Edit: a VSTC SPRT test run on fishtest shows that 135 is indeed a better value at that TC: https://tests.stockfishchess.org/tests/view/5eac30ca6ffeed51f6e32208

vdbergh commented 4 years ago

@ppigazzini Well I find it hard to read what I wrote myself (it was just a quick draft).

However the second display on page 2 seems to suggest that the Fishtest implementation is correct. Compare with (6) in https://www.jhuapl.edu/SPSA/PDF-SPSA/Spall_Stochastic_Optimization.PDF

We want a to be the learning rate. Of course there is a rather obscure extra factor u_1 which can however be explicitly computed (see Example 1.1).

EDIT: this is assuming that the batching doesn't do any harm.

ppigazzini commented 4 years ago

@vdbergh SPSA is a simple gradient descent. The problem is the function we want to optimize and how we compute the derivative.

Fishtest now uses this function and derivative:

  1. f(p+c)-f(p-c)=wins-losses
  2. f'=(wins-losses)/c

The problem is that 1. has values (for a couple of games) bounded in [+2; -2]: a derivative should not depend on the delta used to compute it. A minor problem is that 2. lacks a division by 2.

I propose to use this function and derivative:

  1. f(p+c)-f(p-c)=2c(wins-losses)
  2. f'=(wins-losses)
vdbergh commented 4 years ago

@ppigazzini We want to do gradient ascent for the function f:params->Elo. On average wins-losses will be proportional to cf’ . So we are really computing the derivative of f. Stochastically.

MJZ1977 commented 4 years ago

Some time ago I started thinking about SPSA and wrote this document

support_ornstein_uhlenbeck.pdf

My initial hope was to get information on good choices of hyper parameters but nothing obvious came out. So the above document is incomplete and in addition it says nothing about batching.

@vdbergh : I tried to understand your paper, and I hope I catched the ideas. At the end, the perturbed system is converging to something equal to "unperturbed" + "integral of pertubations". the integral of perturbation is not surely equal to zero because a(t) and c(t) are varying (that what I have called numerical dispersion).
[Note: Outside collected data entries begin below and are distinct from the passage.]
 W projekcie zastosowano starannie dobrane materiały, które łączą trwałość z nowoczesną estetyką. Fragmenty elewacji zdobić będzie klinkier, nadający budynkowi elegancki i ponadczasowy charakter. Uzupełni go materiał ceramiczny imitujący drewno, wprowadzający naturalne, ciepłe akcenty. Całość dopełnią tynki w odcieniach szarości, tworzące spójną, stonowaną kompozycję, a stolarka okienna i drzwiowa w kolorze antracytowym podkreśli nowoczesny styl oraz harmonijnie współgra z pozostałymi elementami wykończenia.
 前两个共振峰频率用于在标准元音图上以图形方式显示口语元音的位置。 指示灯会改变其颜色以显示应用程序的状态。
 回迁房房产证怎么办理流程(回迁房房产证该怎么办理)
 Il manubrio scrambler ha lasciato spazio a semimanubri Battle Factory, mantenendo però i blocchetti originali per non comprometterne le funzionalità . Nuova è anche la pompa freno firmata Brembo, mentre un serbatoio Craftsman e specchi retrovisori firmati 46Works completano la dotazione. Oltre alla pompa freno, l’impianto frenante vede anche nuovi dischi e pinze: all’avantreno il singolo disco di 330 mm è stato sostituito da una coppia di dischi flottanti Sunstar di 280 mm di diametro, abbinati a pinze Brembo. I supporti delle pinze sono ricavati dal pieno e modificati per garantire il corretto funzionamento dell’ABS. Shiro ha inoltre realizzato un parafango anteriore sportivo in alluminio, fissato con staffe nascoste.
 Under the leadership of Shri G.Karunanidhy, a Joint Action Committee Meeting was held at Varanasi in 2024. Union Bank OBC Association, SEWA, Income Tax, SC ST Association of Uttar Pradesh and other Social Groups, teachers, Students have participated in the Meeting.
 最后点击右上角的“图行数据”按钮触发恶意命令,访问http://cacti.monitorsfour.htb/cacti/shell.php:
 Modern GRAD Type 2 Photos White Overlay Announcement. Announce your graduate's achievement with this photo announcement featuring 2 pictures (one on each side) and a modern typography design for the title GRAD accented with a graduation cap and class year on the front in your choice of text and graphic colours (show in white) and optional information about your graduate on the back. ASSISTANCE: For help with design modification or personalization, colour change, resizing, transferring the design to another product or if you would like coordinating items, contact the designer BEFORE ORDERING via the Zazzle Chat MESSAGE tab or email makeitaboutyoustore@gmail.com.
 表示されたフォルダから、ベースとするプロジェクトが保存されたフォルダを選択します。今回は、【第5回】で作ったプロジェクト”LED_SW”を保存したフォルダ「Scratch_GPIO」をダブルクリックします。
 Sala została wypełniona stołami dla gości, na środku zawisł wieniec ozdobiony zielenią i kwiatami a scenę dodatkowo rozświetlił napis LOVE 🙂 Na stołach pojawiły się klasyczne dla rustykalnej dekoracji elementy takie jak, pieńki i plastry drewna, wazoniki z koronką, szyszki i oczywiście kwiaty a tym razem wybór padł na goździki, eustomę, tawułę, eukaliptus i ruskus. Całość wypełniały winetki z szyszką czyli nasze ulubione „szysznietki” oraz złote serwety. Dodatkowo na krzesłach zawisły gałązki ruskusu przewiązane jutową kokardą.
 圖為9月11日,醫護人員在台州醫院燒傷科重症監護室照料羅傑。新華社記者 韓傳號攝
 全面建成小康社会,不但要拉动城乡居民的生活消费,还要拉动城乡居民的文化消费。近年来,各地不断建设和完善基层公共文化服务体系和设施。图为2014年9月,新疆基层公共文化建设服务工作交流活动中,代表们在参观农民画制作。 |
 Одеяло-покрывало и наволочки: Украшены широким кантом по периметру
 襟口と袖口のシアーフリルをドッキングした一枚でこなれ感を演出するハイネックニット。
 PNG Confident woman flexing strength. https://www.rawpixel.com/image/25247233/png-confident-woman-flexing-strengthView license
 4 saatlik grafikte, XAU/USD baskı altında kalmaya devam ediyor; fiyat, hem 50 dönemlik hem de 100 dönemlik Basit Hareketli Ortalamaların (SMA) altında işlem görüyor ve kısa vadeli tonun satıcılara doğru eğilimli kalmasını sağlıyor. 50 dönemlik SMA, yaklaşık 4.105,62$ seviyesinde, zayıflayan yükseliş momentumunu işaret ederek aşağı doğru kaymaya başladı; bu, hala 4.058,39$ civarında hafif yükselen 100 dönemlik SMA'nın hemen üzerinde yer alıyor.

But is is clear that if you decrease the pertubation, this integral is decreasing also. That is what can happens if we increase the batch.

@ppigazzini : I understand what you wrote, but I think that our SPSA is just saying "should I increase or decrease the parameter ?" and after this move by a/c. At the end, the most important is the direction and the parameter a/c.

MJZ1977 commented 4 years ago

@vondele : impressive curves ! I don't know how you have done all this in some hours.

vdbergh commented 4 years ago

Batching is ok it seems. But I wonder if it would be worthwhile to consider the batch as a single iteration and to normalise the result (dividing by games/2). Basically we are doing a more accurate measurement of the gradient of the Elo(params) function. I think batching is discussed in one of the spsa papers but I can’t find it now.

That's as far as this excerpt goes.